4. la production alimentaire et la distribution, en défendant la souveraineté alimentaire locale dans la mesure du possible, en éliminant l’agrobusiness industriel pollueur et de créer des agro-écosystèmes soutenables et de travailler activement à renouveler la fertilité du sol.

Théoriser et travailler vers la concrétisation de l’objectif d’un socialisme vert ne signifie pas que nous ne devrions pas également lutter pour des réformes concrètes et pressantes en ce moment. Sans aucune illusion au sujet « de capitalisme propre, » nous devons travailler pour imposer aux puissants – que ce soit des gouvernements, des sociétés, des institutions internationales - des changements immédiats élémentaires, mais essentiels : réduction énergique et exécutoire d’émissions des gaz à effet de serre,

développement des sources d’énergie propres,
fourniture d’un système de transport public libre étendu,
remplacement progressif des camions par des chemins de fer,
création des programmes de nettoyage de la pollution,
élimination de l’énergie nucléaire et des dépenses de guerre.

Ces demandes et des revendications semblables sont au centre de l’ordre du jour du mouvement de la justice globale et des forums sociaux du monde, qui ont favorisé, depuis Seattle en 1999, la convergence des mouvements sociaux et environnementaux dans une lutte commune contre le système capitaliste.

La dévastation environnementale ne sera pas arrêtée dans des salles de conférence et par des négociations de traités : seule l’action de masse peut faire la différence. Les ouvriers urbains et ruraux, les peuples du Sud et les peuples autochtones partout sont au premier rang de cette lutte contre l’injustice environnementale et sociale, combattant les multinationales exploiteuses et pollueuses, rendant illégale les produits de l’agrobusiness comme l’invasion des semences génétiquement modifiées, les combustibles organiques qui ne font qu’aggraver la crise alimentaire actuelle.
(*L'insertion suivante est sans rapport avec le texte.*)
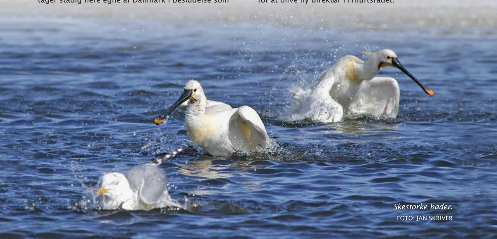
Skestorke bader.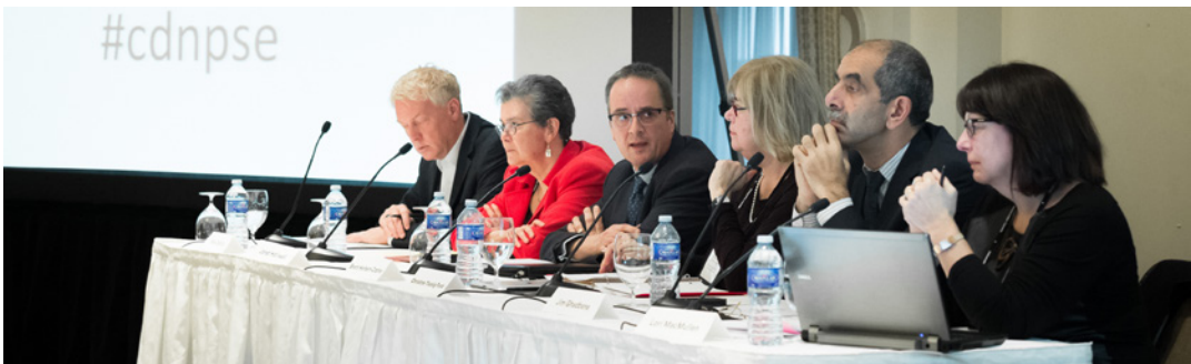
Un groupe d'expert se penche sur l'écosystème de l'infrastructure de recherche numérique du Canada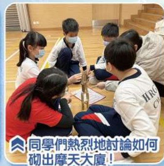
同學們熱烈地討論如何砌出摩天大廈！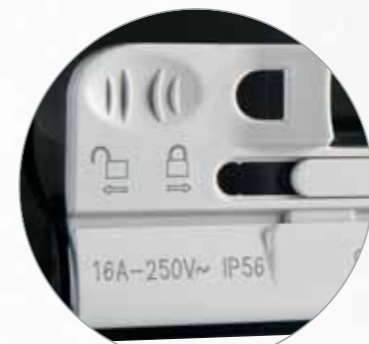
Замок на два положения 0 и 1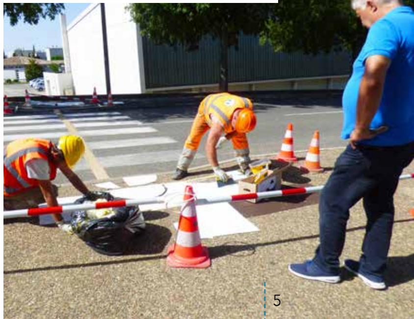
Tous les passages piétons de Portes sont peu à peu équipés de bandes destinées aux mal voyants.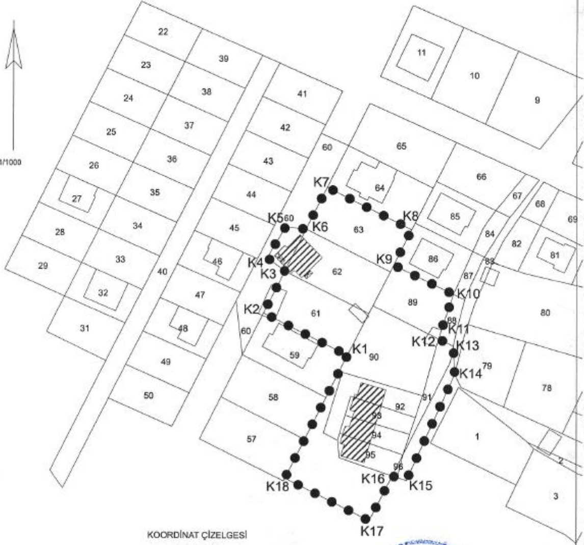
KOORDİNAT ÇİZELGESİ ITRF 3 UTM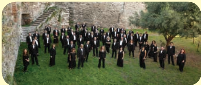
Κρατική Ορχήστρα Θεσσαλονίκης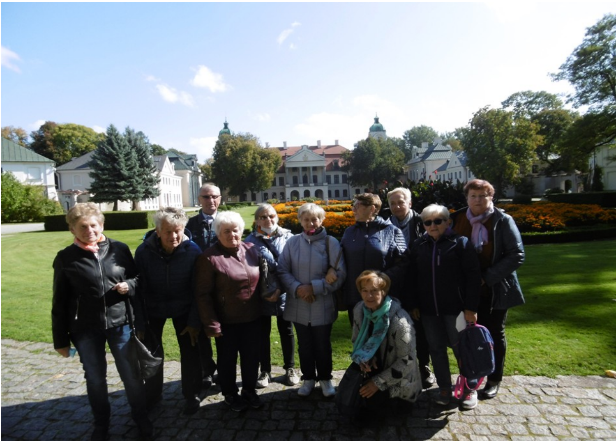
Wycieczka do Kozłówki (29.09.2021 r.)

Nous devons promouvoir ces mouvements sociaux et environnementaux et établir la solidarité entre les mobilisations écologiques, anticapitalistes dans le nord et le Sud.

Cette déclaration écosocialiste est un appel à l’action. Les classes dirigeantes retranchées sont puissantes, pourtant le système capitaliste se manifeste chaque jour comme financièrement et idéologiquement en banqueroute, incapable de surmonter les crises économique, écologique, sociale, alimentaire et autres qu’il engendre. Et les forces de l’opposition radicale sont vivantes et essentielles. À tous les niveaux, national, régional et international, nous combattons pour créer un système alternatif basé sur la justice sociale et écologique.